Thursday, June 3, 2010

Kinda Sushi, Kinda Kimbap, but Definitely Rice in Seaweed

Ok, finals are over, summer is here, and a large number of my friends have started getting on my case about updating (thank you friends!). How is everyone's summer so far?

Let's get started! I've had the grocery store variety of sushi and I found it delicious. Rice, cucumbers, carrots, and avocado all wrapped up in strips of seaweed. However, it wasn't until my wonderful hosts in San Francisco introduced me to real sushi that I understood just how complicated sushi and its culture are. While I'm learning more about all things sushi (for starters try The Nibble's Sushi Glossary), at heart I am still in love with those veggies.

Which is why this version is probably more aptly called kimbap. Kimbap is a Korean version of sushi which normally is filled with vegetables such as cucumber, carrot, spinach, and pickled radish. Often it will also have skirt steak called bulgogi and/or strips of egg.

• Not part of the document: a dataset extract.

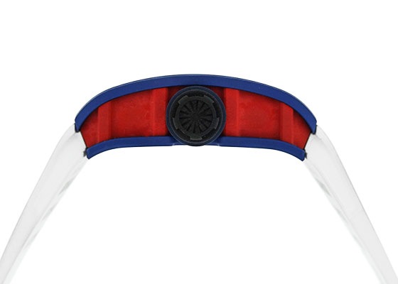 ケースはRM011と同じ大型ケースが採用されていますが、RM011に比べて3mmほど薄型となっており、より快適な着用感を実現しています。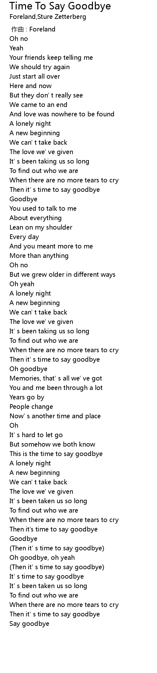 | [03:14.724] | Then it' s time to say goodbye |

For this recipe you will need:

~ Rice
~ Sushi nori or other seaweed (sometimes it's hard to figure out which seaweeds work, especially taste-wise, for sushi, my hint is to see if the back of the seaweed bag has a sushi recipe. Those which do, usually work pretty well.)
~ Vegetables of choice; for this I used carrots and cucumbers
~ Protein of choice; I used egg
~ Sesame oil and/or rice vinegar
~ Soy sauce and wasabi paste

To cook the rice The trick with sushi rice is that it needs to be sticky without being mushy. In the microwave this is a bit hard to get down pat. However, try starting out with about a cup of rice in a microwavable bowl, add enough water so that there is a about 3/4 inch on top. Microwave on high for 2 more minutes, stir and let the water and rice settle. Repeat this process until the rice is tender, and all of water is absorbed. Add a little LITTLE bit of your sesame oil and/or rice vinegar to the rice and mix it in. Put everything to the side and let it cool.

To cut the vegetables The key is long and thin. Japanese food especially is very delicate, so the thinner the vegetable slices the better.

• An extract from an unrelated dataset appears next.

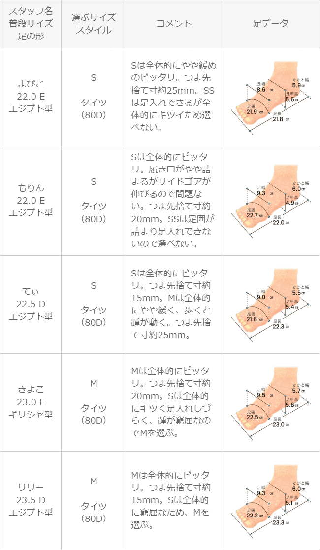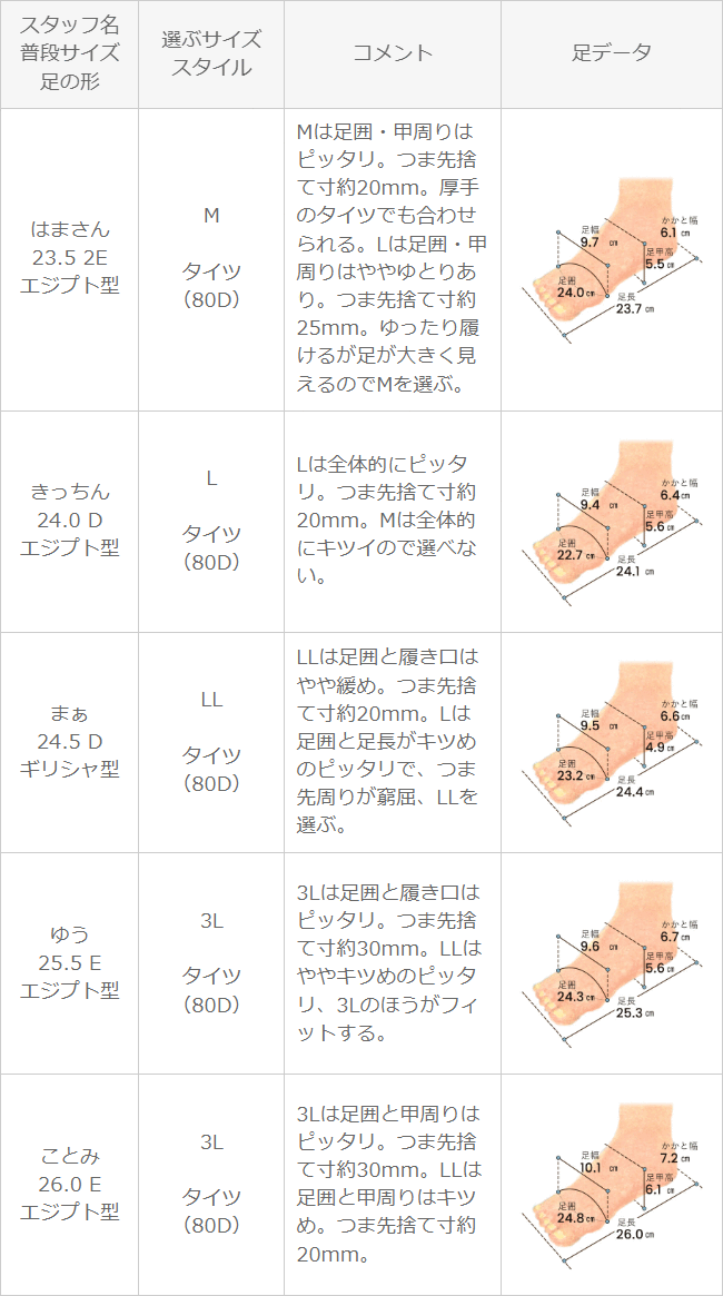 ※足の形には個人差があります。スタッフ試着感想は参考程度にお考え下さい。

To cook the egg Stir up an egg until the white is mostly broken. Then microwave it in the handy dandy microwave bowl for 1 minute on high. Take out the egg and slice it up into strips.

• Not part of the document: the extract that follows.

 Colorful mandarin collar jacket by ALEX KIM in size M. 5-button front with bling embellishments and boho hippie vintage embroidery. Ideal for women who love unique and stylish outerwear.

To assemble You can spread a thin, thin layer of wasabi on the seaweed sheet before adding the rice. Take enough to spread about 1/4 inch of rice on half of the sheet. Spread it out (I use my hands) on half the sheet. Lay out the vegetables and strips of protein along the rice and tightly roll it up until the circle is just complete. Tear off the remaining seaweed leaving about a centimeter of seaweed. Take a bowl of water, dip your finger in it and spread it along the centimeter, then lightly press it on to the roll. If your seaweed tears, don't panic, merely finish rolling it up and then add another seaweed sheet, pressing it lightly to the original roll.

Use a sharp knife to cut the sushi, cleaning the knife on the side of your cutting board after each cut.

Voila! Eat with wasabi and soy sauce or kimchi.